Mort’s coaching approach morphs Mavs into family

Sunglasses. Multi-colored, plastic-framed sunglasses.

If you’re going to play softball at Mesa State College, you must have a pair. Maybe two or three. It’s become the trademark for this fun-loving group of players.

Although the coaches are sticking to their preference of Oakleys, the Mavericks did succeed in getting them to wear aviators during a series at Western New Mexico earlier this season.

Other seasons, Kris Mort would have declined that request. This year, she’s got a photo of the coaches in their shades on her cell phone.

The Mavericks (30-19) have bought into the “So what? WIN” (What’s Important Now) philosophy, so she figures she can buy into their goofy shades.

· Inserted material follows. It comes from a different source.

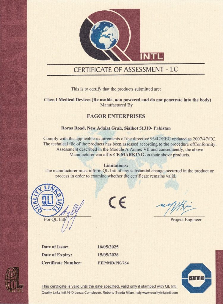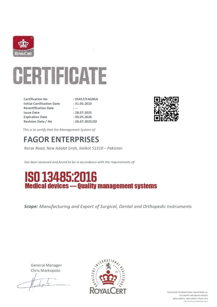 Fagor Enterprises is ISO 13485:2016 and CE certified, ensuring all our surgical and medical instruments meet international quality and safety standards. Our ECM certification further reflects our commitment to excellence, reliability, and global compliance.
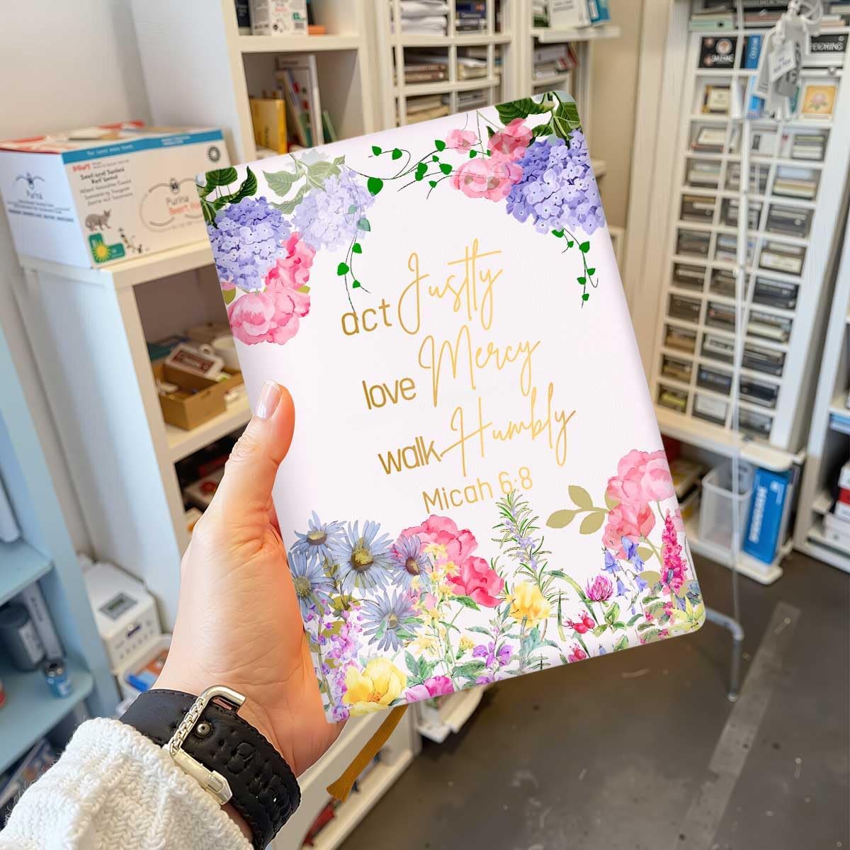 - Preppy & Inspirational Design – Bible Verse Cover: Clean, simple, and meaningful. The pink bow and watercolor flower cover give off a trendy coquette vibe while keeping your faith front and center. Aesthetic, minimal, and made to inspire.

“It’s so cool they’ve bought into that,” Mort said. “In 10 years, this is going to be bigger than the game. That’s what’s so cool. They bought into the things I’ve said, be impossible. Be an impossible out.

“That’s going to be bigger than life in 10 years. Today, it’s about the game.’’

Mort was an intense player when she caught for the Mavericks, and carried that into her coaching career. But when the Mavericks were sinking fast in March, she realized something had to change.

“This group just did not function well with that high intensity,” Mort said during the Mavs’ sub-regional championship run last weekend. “I had to change my intensity. I’m still business-like, but I’m not ‘Come on! Let’s go!’

“So what?”

During the sub-regional in Denver, Mort was laughing right along with the Mavs.

Sophomore designated hitter Sara Jordan was struggling at the plate early, and in the semifinal game against CSU-Pueblo, the ThunderWolves made a pitching change with Jordan coming to the plate.

Mort walked over and said something to Jordan, and they both started laughing.

“I told her she doesn’t throw any harder than I do, so just picture the curls and pretend it’s me throwing,” Mort said, laughing.

Jordan drove a single up the middle for her first hit of the weekend.

The change in their coach hasn’t gone unnoticed by the Mavericks.

“The biggest thing is the fact that Coach sits on the sidelines and says, ‘It doesn’t matter. Just win. What’s important?’ ’’ senior pitcher Jessica Rayman said. “This team’s just been different than past teams. She knows how to get things across. We’ve figured it out and this is the time to do it.”

The Mavericks need to win two of three games this weekend against sixth-ranked Winona State (47-11) in the Super Region 3 tournament to claim the second trip to the NCAA Division II World Series in school history.

Mort took the Mavs there in 2000, and would love to have a bookend regional championship trophy for the other side of the display case at Saunders Fieldhouse.

Winona defeated Mesa State 15-4 in the opening weekend of the season, roughing up Gabi Parra in her pitching debut. Since then, Parra has remained in the outfield as Jordan, Rayman and sophomore Cierra Lard have handled the pitching.

Mort believes the Mavs’ personalities and the fact that the players get along so well has been the key to the turnaround.

“There’s some characters in this group. They keep it light and fun,” she said, glancing at the team gathered outside the field at Regis University.

“Look at Lauren Cross out there singing ... she’s just a goofball. There’s a lot of goofballs on this team. They’re not ready to turn in the uniforms yet.”